Николай не спеша оделся и впервые с момента возвращения почувствовал себя дома. Он с радостью дотрагивался до знакомых вещей, с интересом разглядывал фотографии, которые появились после его отъезда. Вот мама с папой на прогулке — уже пожилые, у папы седина на висках, а у мамы вокруг рта залегли печальные складки. 1917 год, Аня под руку с красивым молодым человеком, наверное, с покойным мужем. Вот вся семья за столом, у Ани на руках маленький ребенок. Николай еще долго рассматривал эту застывшую летопись, потом вдруг опомнился и бросился собираться.

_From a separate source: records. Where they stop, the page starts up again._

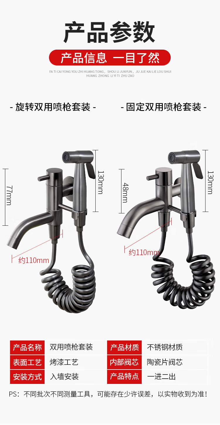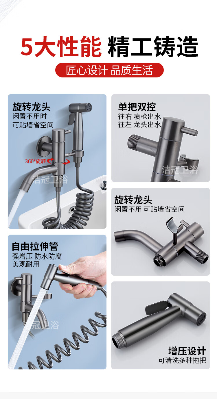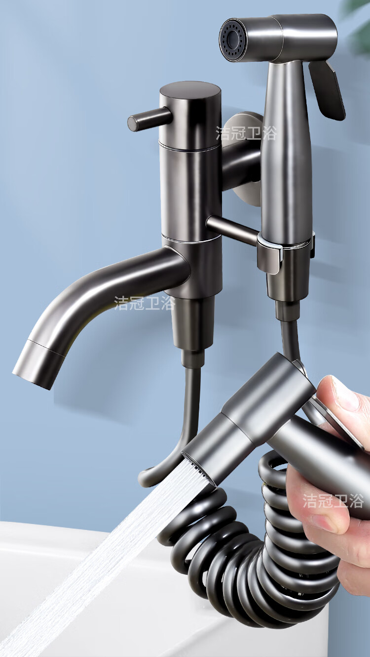 Jieguan bathroom wall two-in-one wall one-in-two-out mop pool special faucet with spray gun balcony washing mop, the water outlet can be rotated, dual-use spray gun set
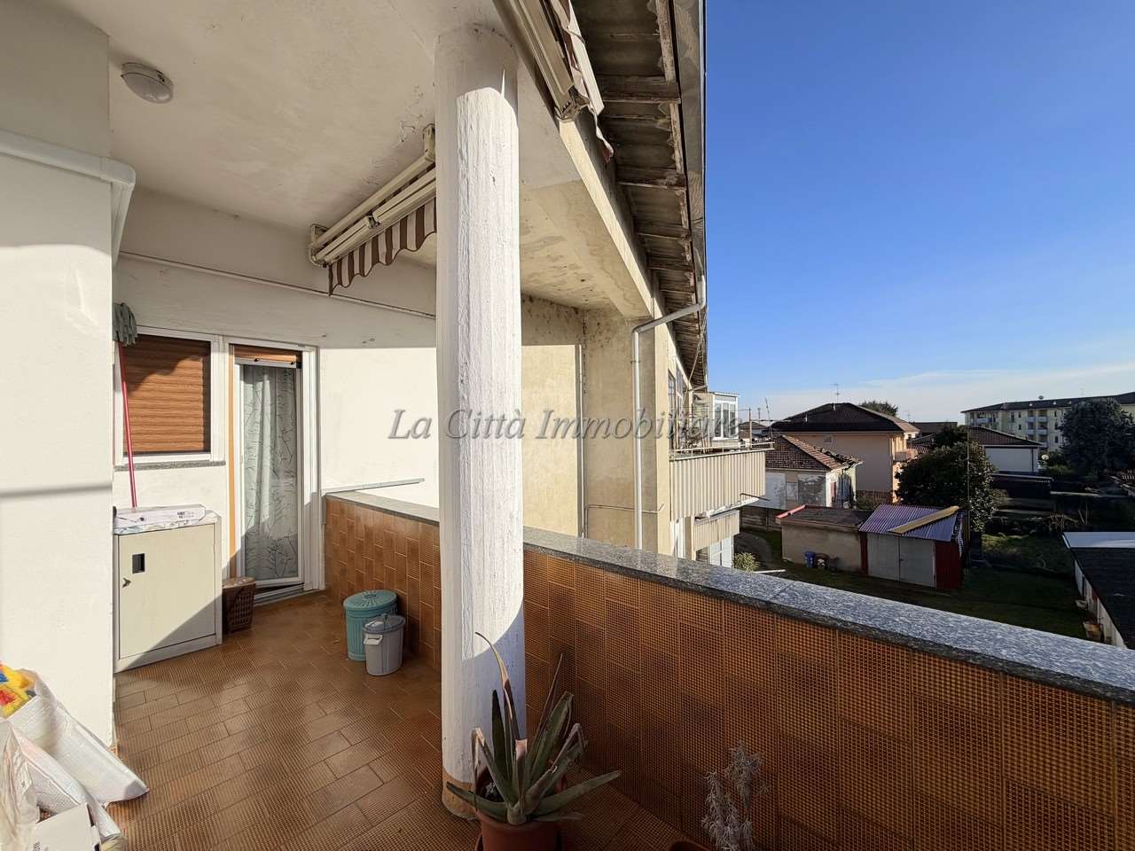 L’immobile è composto da ingresso, cucina abitabile, soggiorno, due camere da letto, bagno finestrato dotato di doccia, ripostiglio e ampio terrazzo.
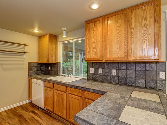 Features hardwood & slate floors, radiant heat, vaulted ceilings, skylights, master with walk-in closet & private deck! Main floor boasts large stylish kitchen w/breakfast bar. Adjoining family room with gas fireplace. The fenced backyard is a tranquil space that backs up to a swale, ensuring additional privacy. Centrally located in on of Bellingham's more popular neighborhoods, Silverbeach, and located near schools, shopping, lake Whatcom & trails.

Первым делом он спрятал в тайник в отцовском кабинете Ах Пуча. Здесь, в родных стенах, он уже не казался Николаю ни страшным, ни кровожадным — золотой болван, не больше. Он натянул пальто и поспешил в Никольский собор к отцу Феодосию. Отец Феодосий был духовником их семьи, его он знал с малых лет, на него надеялся.
Спеша вдоль пустынной набережной, подгоняемый промозглым порывистым ветром, Николай невольно оглядывался и перебирал в уме наставления, как следует вести себя в случае встречи с гражданами новой России. По счастью ему никто не встретился, кроме нескольких теток с кошелками. Он осторожно приоткрыл тяжелую резную дверь и шагнул в сумрак храма.
— Господи! — Простонала его душа. Сам не понимая, что с ним делается, он упал на колени перед алтарем, залился счастливыми слезами. В этом плаче были сожаление, раскаяние, радость, печаль, страх, освобождение. Николай не знал, сколько времени он провел, уткнувшись лбом в теплый золотисто-медовый, затертый пол. Час, два? На ноги он поднялся с ощущением сладкой усталости.
Он огляделся и заметил на правом клиросе темную сгорбленную фигуру. Николай поспешил туда.
— Отец Феодосий! Отец Феодосий!
Сгорбленный человек обернулся. Изборожденное морщинами лицо с ясными, светлыми глазами обратилось к Николаю.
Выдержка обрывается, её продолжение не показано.